The questions intensely debated in The Hague – whether Chagos could lawfully be separated from Mauritius right before independence, whether at that point in time a colony was entitled to territorial integrity, whether self-determination was a legal right then, or if not when – all these questions are immaterial to human rights. What is material, rather, is that the UK by the time of the year 1973 had cleansed the Chagos Archipelago of the Chagossians; and that the UK has never asked the Chagossians whether they wanted to be removed from the Archipelago.
The separation of the Chagos Archipelago from Mauritius (assuming that this is was what happened in November 1965) is notably inapposite to the Chagossians’ human rights. Even the most ardent supporters of the UK or Mauritius would refrain from reading the Lancaster House Undertakings[42] – which the UNCLOS Arbitral Tribunal was right to sanction[43] – so as to imply the Chagossians’ consent to their removal.[44] Quite apart from that, if the separation was lawful, this operation was all that it took to turn the persons living in Chagos at the time, into a people collectively entitled to the human right of self-determination, as well as individually, to human rights. If nothing else, the separation created the relevant frame of reference in that regard, namely for the purpose of determining the rights-holders. One may call this ‘othering’.[45] If, on the other hand, the excision was unlawful, then too are the Chagossians entitled to human rights, though in this case not vis-à-vis the UK, but Mauritius. While their rights would, perhaps in that case, not strictly entitle the Chagossians to full external self-determination – though a remedial point of view would support this – they certainly entitle them to return to the Archipelago and take possession of the islands. This consequence does not depend on whose fault it was that they were purged from the Archipelago. In other words, no matter how the separation is regarded, the Chagossians’ human rights were violated, and they are entitled to remedy.
At which point in time exactly the human rights provisions became applicable to the Chagossians is not decisive, either. Even if one ignores the coherent trajectory of universal human rights from the Universal Declaration[46] to the Covenants[47] and beyond, and chooses to accord decisive weight to the moment of bestowal of said rights, the sole fact that the Chagossians have been deprived of human rights until the present day suffices to establish a present-day violation of their rights.[48] Their removal and the maintenance of the ensuing situation amounts to a continuous violation which, if one is fond of technicalities, occurred for the first time at the entry into force/crystallization of human rights.[49] It is not just a delayed repercussion of a measure which was lawful at the time it was taken. This is not the same situation as in Phosphates in Morocco[50] where the Court was right to confine the relevant events to the past.[51]
What then is to be made of the inapplicability to Chagos of the United Nations Human Rights Covenants, alleged by the UK? The controversy surrounding the withholding of human rights from colonies through restricting the territorial scope of the rights is well known[52] and need not be repeated here.[53] Irrespective of that, the possible territorial inapplicability of human rights is irrelevant in the Chagos case.

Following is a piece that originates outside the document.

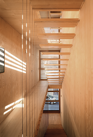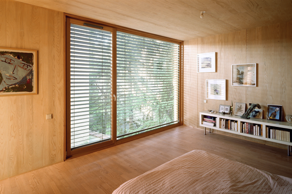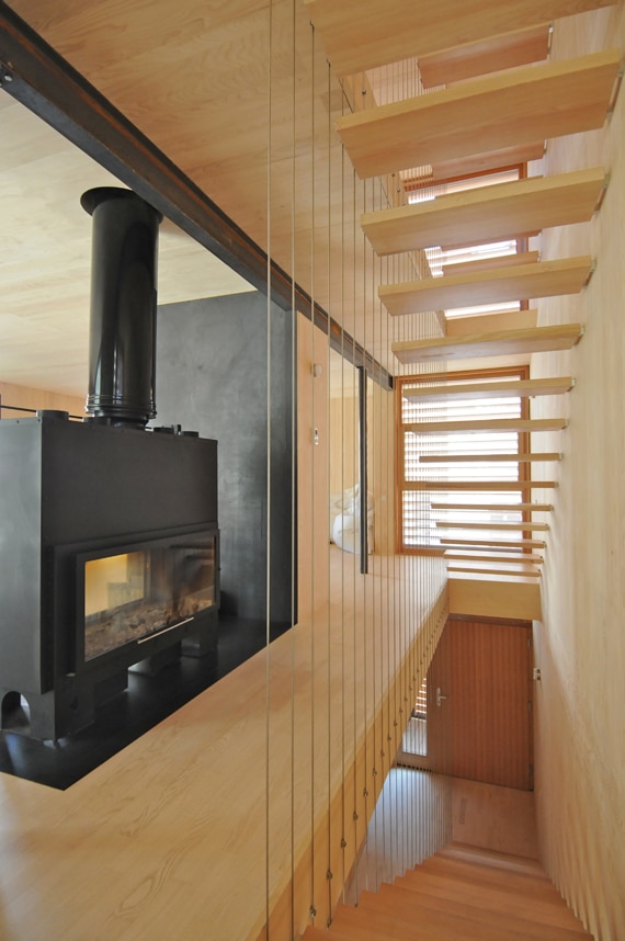 L’écriture est systématique. Tous les intérieurs, plafonds et cloisons compris, sont traités en panneaux massifs en multiplis de sapin blanc. Aucun placage ni peinture ne vient perturber cette mise en œuvre. A l’extérieur, les panneaux bakélisés noirs enveloppent tout le volume, mais conservent leur statut d’habillage et de vêture légère, comme un manteau. Ce contraste, choisi dans les extrêmes, explique le procédé constructif : une structure intérieure, habillée et isolée par l’extérieur. Elle est le résultat d’une volonté scénographique, où cet effet de Ying et de Yang crée des tableaux très graphiques dans la mise en perspective des deux mondes. Àcertaines heures, au moment où la lumière du jour est plus faible, le noir du dehors vient doper et stimuler les lumières boisées émanant de l’intérieur. L’un éclaire l’autre, l’adoucit et le réchauffe. Une seule matière, utilisée en totalité et exclusivement, sans effet décoratif ou vocabulaire superflu, laisse la part belle à l’architecture.

This is because the persons whose human rights have been violated have been living in the United Kingdom, where they moved at some point after their eviction and where they unquestionably fall within the scope of human rights in all regards. (The same, of course, applies to Mauritius and the Seychelles where a significant number of Chagossians live) The argument that the territorial carve-out somehow haunts the persons wherever they go does not hold water[54] – or at least not under the Covenants.[55] This seems especially true when the violation at issue was not a one-off.
Furthermore, it is true that there was a settlement in 1982 in which Chagossians signed off on their removal in return for individual lump sums, the so-called Vencatassen-settlement.[56] This settlement was sufficient ground for the European Court of Human Rights in 2012, when it was seized with the case of the Chagossians, to deny them the status of victims and dismiss their case.[57] However, it is respectfully submitted that the Strasbourg Court ignored that 12 islanders held out from the settlement on their own free will.[58] The Strasbourg Court should not have deferred to the UK domestic courts in this regard. Moreover, the Seychelles and the Seychellois Chagossians were not involved in the Vencatassen settlement. How then could that settlement cover the Chagossians present in the Seychelles? The incompleteness of the Vencatassen settlement is the crucial aspect for the International Court of Justice when it comes to the human rights of the Chagossians in the context of the advisory opinion.[59] Finally, the European Convention on Human Rights does not include the human right of self-determination, whereas the two UN Covenants in common article 1 do. The Strasbourg Court’s ruling can therefore not be interpreted so as to sanction the idea that a permanent opt-out from self-determination is permissible. This, once more, steadily dictates the course which the International Court of Justice should take: It should apply the panoply of human rights, including self-determination, to the Chagossians – wherever they are.
The non-return of the Chagossians to the islands when a window opened in 2000 for four years is again immaterial.[60] It does not have the effect of extinguishing the human rights of the Chagossians, nor does it transform these rights into theoretical or ‘symbolic’ rights.[61] The islands belong to the Chagossians regardless of whether they currently inhabit them. This is not only so because they were previously expelled from these lands, but also because the rights of the Chagossians cannot be presumed to have been lost at any point. Rather, they endure – as sovereign entitlement endures without much exercise,[62] especially in cases of authority in exile.
Finally, practical obstacles should not deter the Court from adjudicating firmly on the human rights of the Chagossians. It is well within the realm of the possible to organize the exercise of self-determination of the Chagossians today. The relatively few Chagossians who hold an entitlement can be reached by today’s means, even though they may be spread across several states. This is reality, an incontrovertible fact.[63]

3. Conclusion

The current proceedings constitute the ideal occasion for the International Court of Justice to focus on the Chagossians and their human rights, which have undeniably been violated, rather than just on the United Kingdom and Mauritius and their self-interested claims of sovereignty/decolonization. Indeed, the nature of the advisory proceedings, which necessarily goes beyond a purely bilateral dispute between states, all but prescribes a broad scope. Moreover, have not erga omnes obligations, curiously though they emerged as a response in Barcelona Traction to the Court’s South West Africa debacle, been created as a means for the Court to do just that, address human rights?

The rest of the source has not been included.